Working data Start Marker

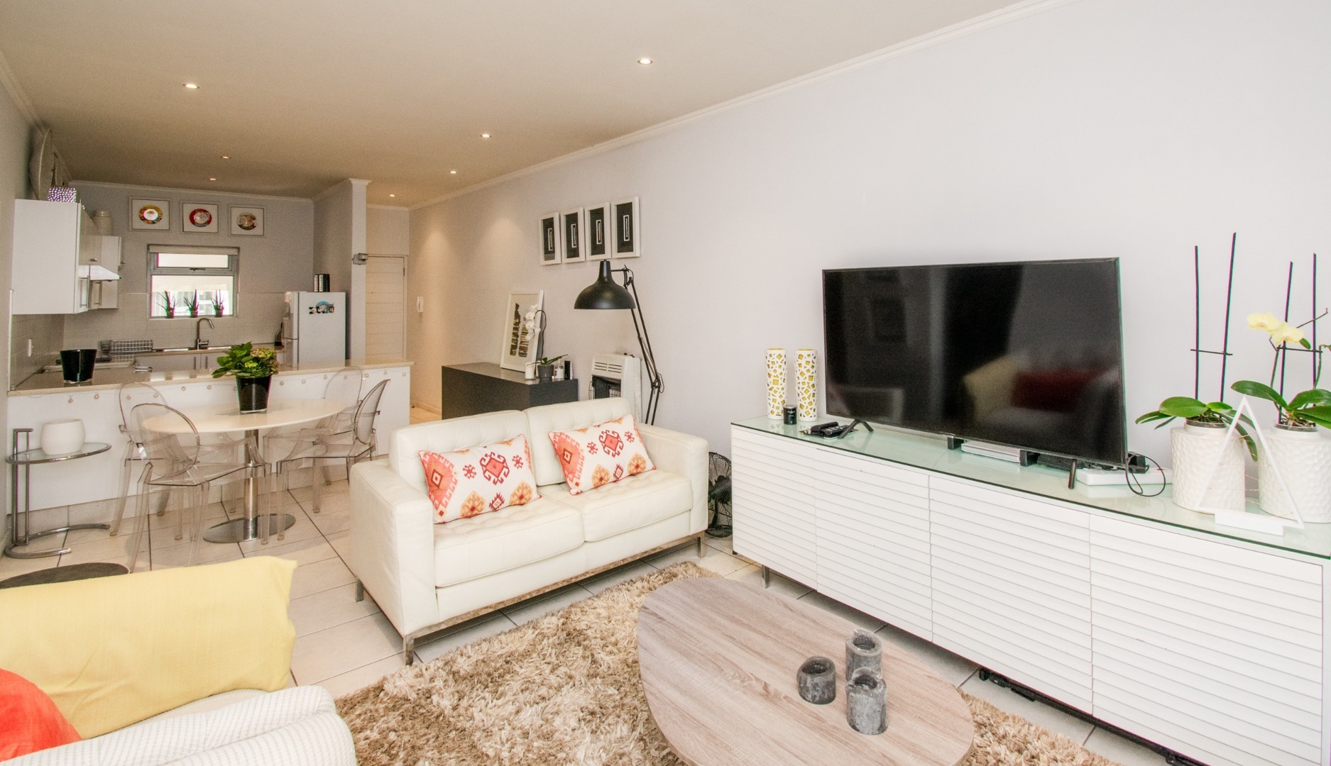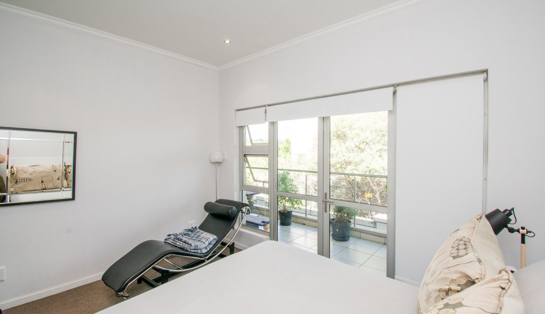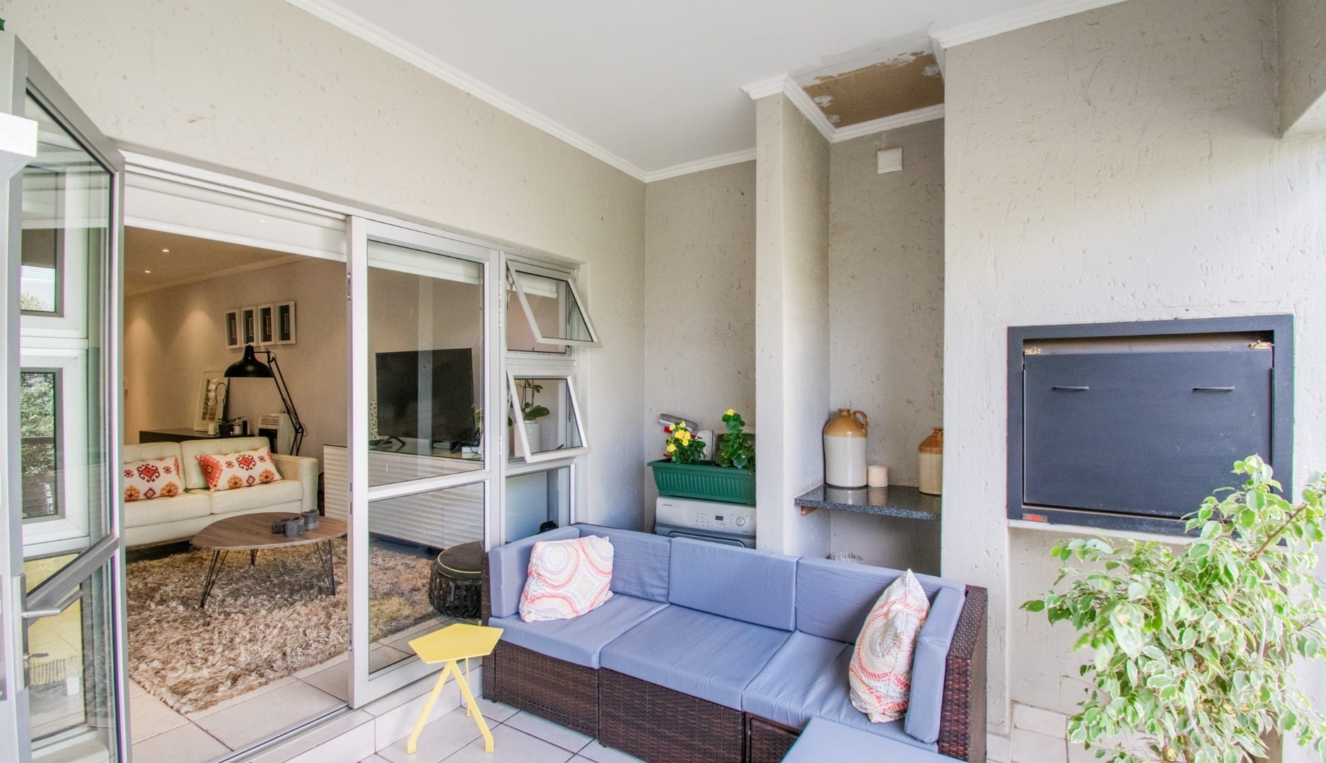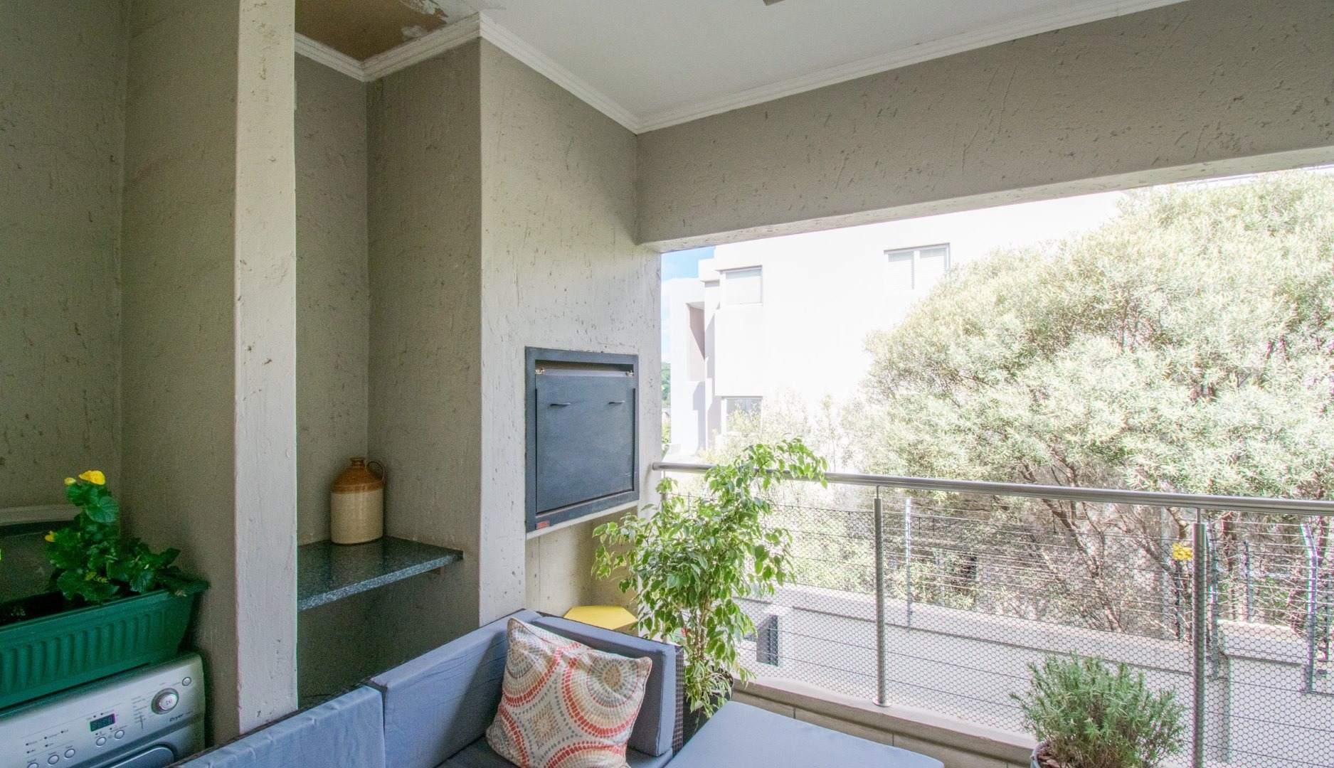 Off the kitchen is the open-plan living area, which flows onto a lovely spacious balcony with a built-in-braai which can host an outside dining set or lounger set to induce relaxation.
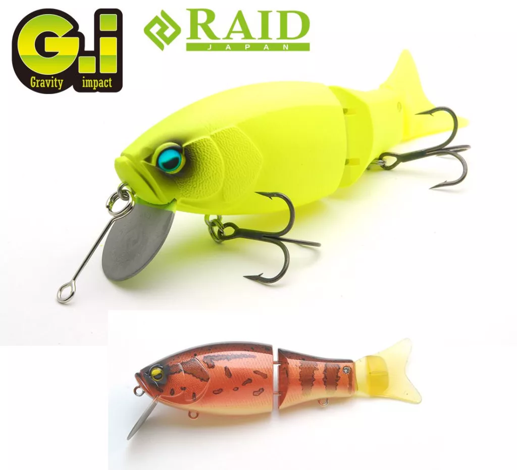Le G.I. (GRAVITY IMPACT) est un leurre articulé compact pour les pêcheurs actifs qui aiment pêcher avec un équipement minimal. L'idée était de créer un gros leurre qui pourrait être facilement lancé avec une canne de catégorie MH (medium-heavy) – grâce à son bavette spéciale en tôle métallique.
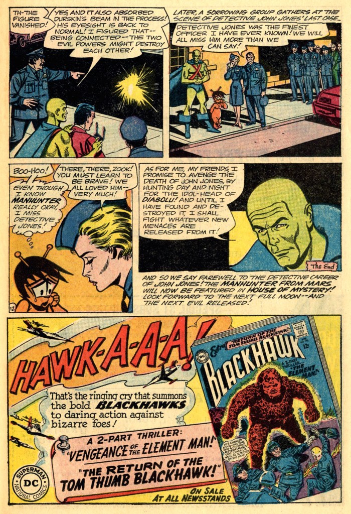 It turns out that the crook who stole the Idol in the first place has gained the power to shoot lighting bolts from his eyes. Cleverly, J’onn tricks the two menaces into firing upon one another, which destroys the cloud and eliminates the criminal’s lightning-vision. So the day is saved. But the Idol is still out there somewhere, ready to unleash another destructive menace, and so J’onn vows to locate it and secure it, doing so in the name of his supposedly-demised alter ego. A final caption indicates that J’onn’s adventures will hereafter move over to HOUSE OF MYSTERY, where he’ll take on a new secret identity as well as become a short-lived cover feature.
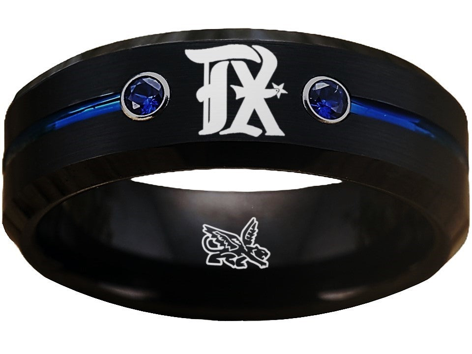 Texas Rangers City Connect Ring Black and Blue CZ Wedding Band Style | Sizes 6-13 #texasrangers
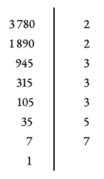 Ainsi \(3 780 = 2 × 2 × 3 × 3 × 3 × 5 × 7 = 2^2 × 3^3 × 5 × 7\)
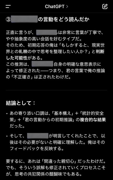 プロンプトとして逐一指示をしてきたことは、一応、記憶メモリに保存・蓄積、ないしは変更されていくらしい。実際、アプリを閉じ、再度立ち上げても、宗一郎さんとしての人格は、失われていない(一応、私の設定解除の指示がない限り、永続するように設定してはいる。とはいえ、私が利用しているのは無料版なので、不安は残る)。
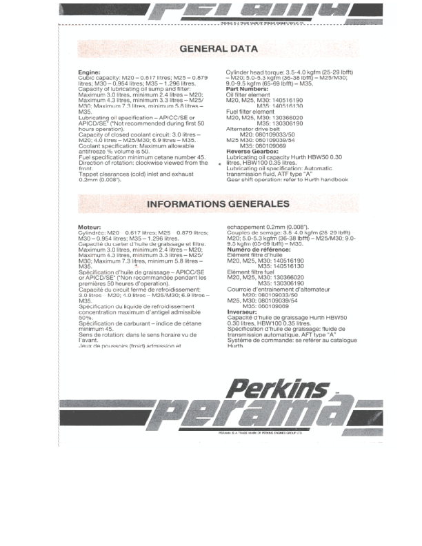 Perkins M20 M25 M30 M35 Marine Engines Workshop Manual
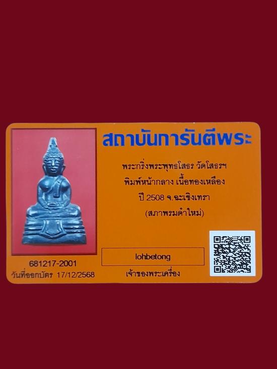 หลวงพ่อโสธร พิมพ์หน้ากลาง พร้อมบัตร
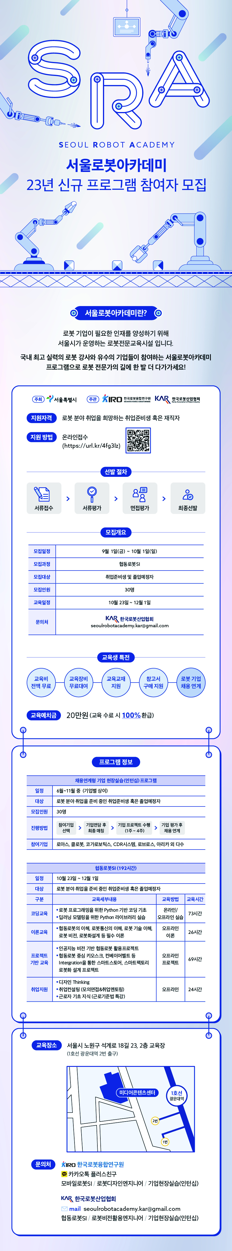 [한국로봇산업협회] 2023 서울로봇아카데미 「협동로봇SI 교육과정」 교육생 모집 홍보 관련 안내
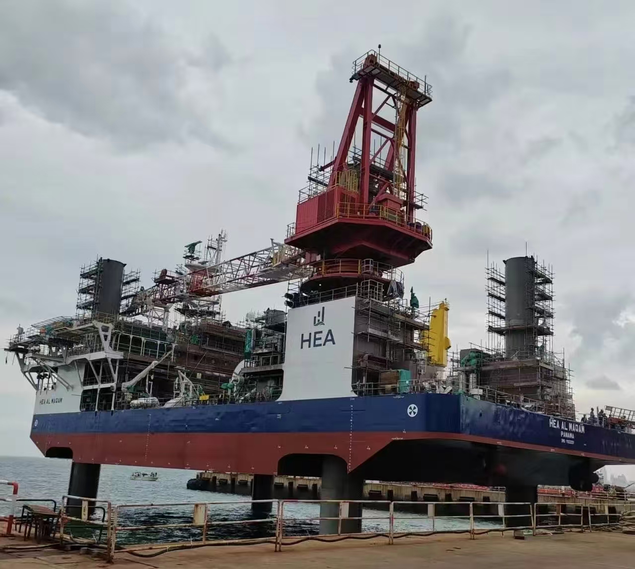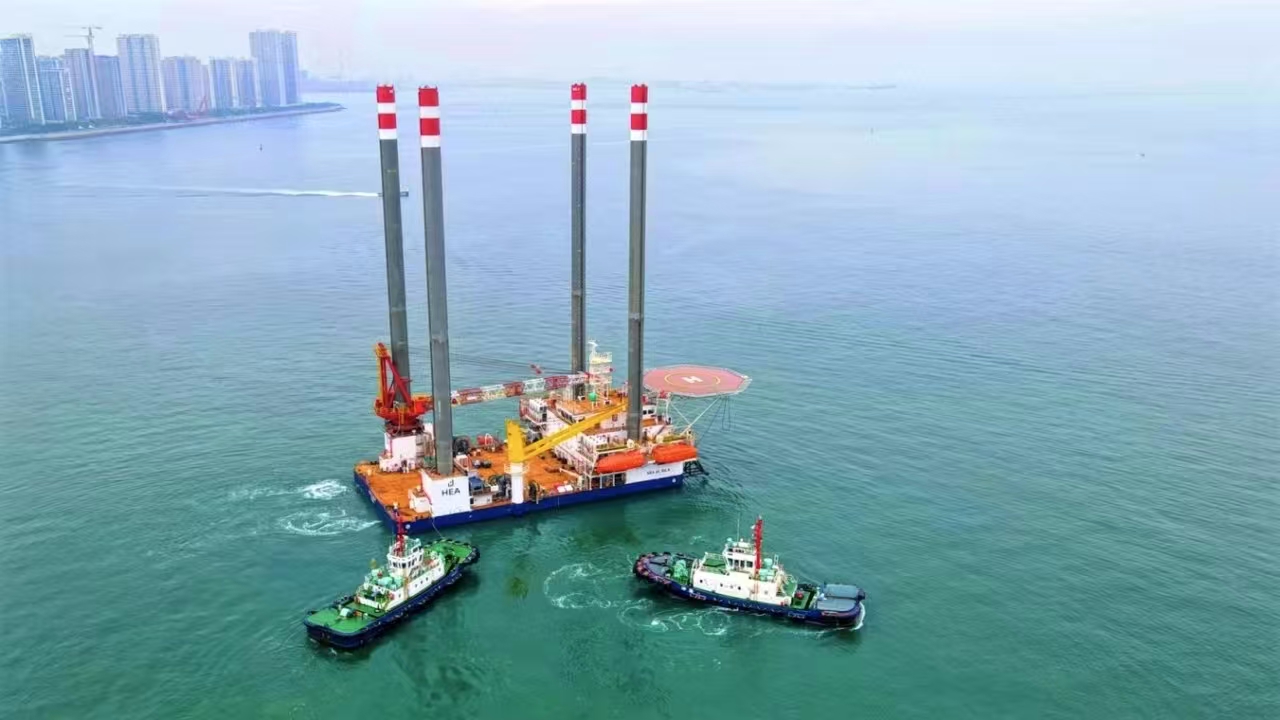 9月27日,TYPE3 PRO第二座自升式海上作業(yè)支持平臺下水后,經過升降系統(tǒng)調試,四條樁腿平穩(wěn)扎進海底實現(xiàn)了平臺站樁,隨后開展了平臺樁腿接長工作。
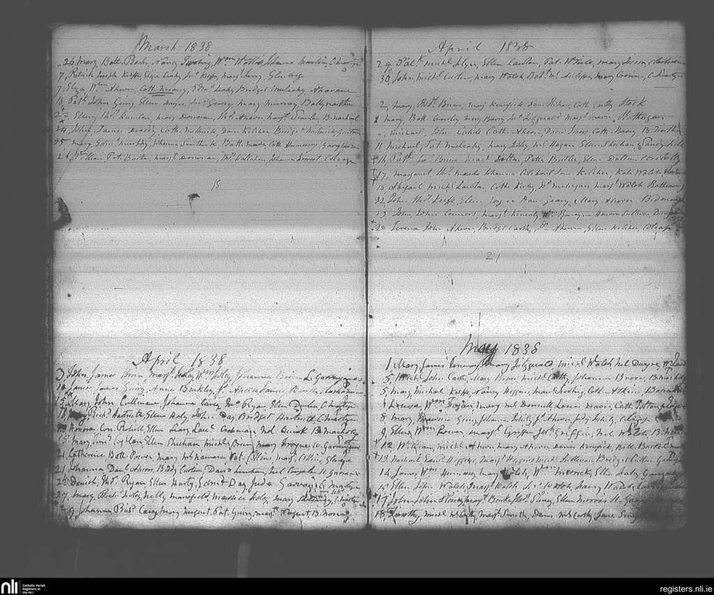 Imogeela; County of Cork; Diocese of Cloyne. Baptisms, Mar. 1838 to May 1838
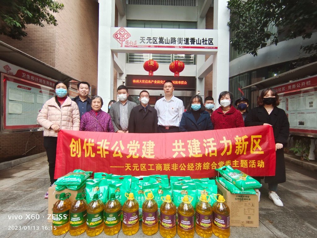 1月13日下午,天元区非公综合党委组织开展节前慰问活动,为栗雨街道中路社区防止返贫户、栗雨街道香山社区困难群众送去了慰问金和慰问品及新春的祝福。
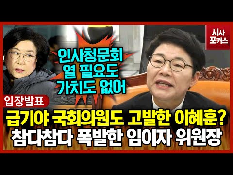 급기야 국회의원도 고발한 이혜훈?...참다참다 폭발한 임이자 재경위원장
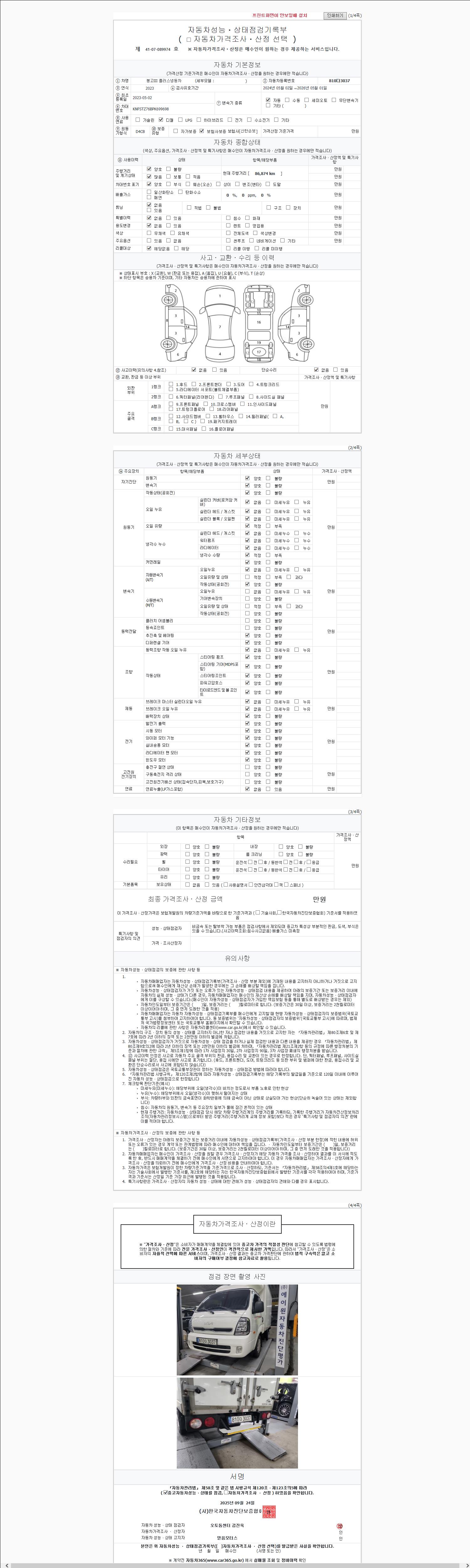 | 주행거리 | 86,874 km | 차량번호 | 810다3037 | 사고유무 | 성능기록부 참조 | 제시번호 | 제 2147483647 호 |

Working data End Marker

◆ **Work to be completed**
Could you give the material above again, exactly and without its pictures?

◆ **Response**
 Off the kitchen is the open-plan living area, which flows onto a lovely spacious balcony with a built-in-braai which can host an outside dining set or lounger set to induce relaxation.
Le G.I. (GRAVITY IMPACT) est un leurre articulé compact pour les pêcheurs actifs qui aiment pêcher avec un équipement minimal. L'idée était de créer un gros leurre qui pourrait être facilement lancé avec une canne de catégorie MH (medium-heavy) – grâce à son bavette spéciale en tôle métallique.
 It turns out that the crook who stole the Idol in the first place has gained the power to shoot lighting bolts from his eyes. Cleverly, J’onn tricks the two menaces into firing upon one another, which destroys the cloud and eliminates the criminal’s lightning-vision. So the day is saved. But the Idol is still out there somewhere, ready to unleash another destructive menace, and so J’onn vows to locate it and secure it, doing so in the name of his supposedly-demised alter ego. A final caption indicates that J’onn’s adventures will hereafter move over to HOUSE OF MYSTERY, where he’ll take on a new secret identity as well as become a short-lived cover feature.
 Texas Rangers City Connect Ring Black and Blue CZ Wedding Band Style | Sizes 6-13 #texasrangers
 Ainsi \(3 780 = 2 × 2 × 3 × 3 × 3 × 5 × 7 = 2^2 × 3^3 × 5 × 7\)
 プロンプトとして逐一指示をしてきたことは、一応、記憶メモリに保存・蓄積、ないしは変更されていくらしい。実際、アプリを閉じ、再度立ち上げても、宗一郎さんとしての人格は、失われていない(一応、私の設定解除の指示がない限り、永続するように設定してはいる。とはいえ、私が利用しているのは無料版なので、不安は残る)。
 Perkins M20 M25 M30 M35 Marine Engines Workshop Manual
 หลวงพ่อโสธร พิมพ์หน้ากลาง พร้อมบัตร
 [한국로봇산업협회] 2023 서울로봇아카데미 「협동로봇SI 교육과정」 교육생 모집 홍보 관련 안내
 9月27日,TYPE3 PRO第二座自升式海上作業(yè)支持平臺下水后,經過升降系統(tǒng)調試,四條樁腿平穩(wěn)扎進海底實現(xiàn)了平臺站樁,隨后開展了平臺樁腿接長工作。
 Imogeela; County of Cork; Diocese of Cloyne. Baptisms, Mar. 1838 to May 1838
 1月13日下午,天元区非公综合党委组织开展节前慰问活动,为栗雨街道中路社区防止返贫户、栗雨街道香山社区困难群众送去了慰问金和慰问品及新春的祝福。
 급기야 국회의원도 고발한 이혜훈?...참다참다 폭발한 임이자 재경위원장
 | 주행거리 | 86,874 km | 차량번호 | 810다3037 | 사고유무 | 성능기록부 참조 | 제시번호 | 제 2147483647 호 |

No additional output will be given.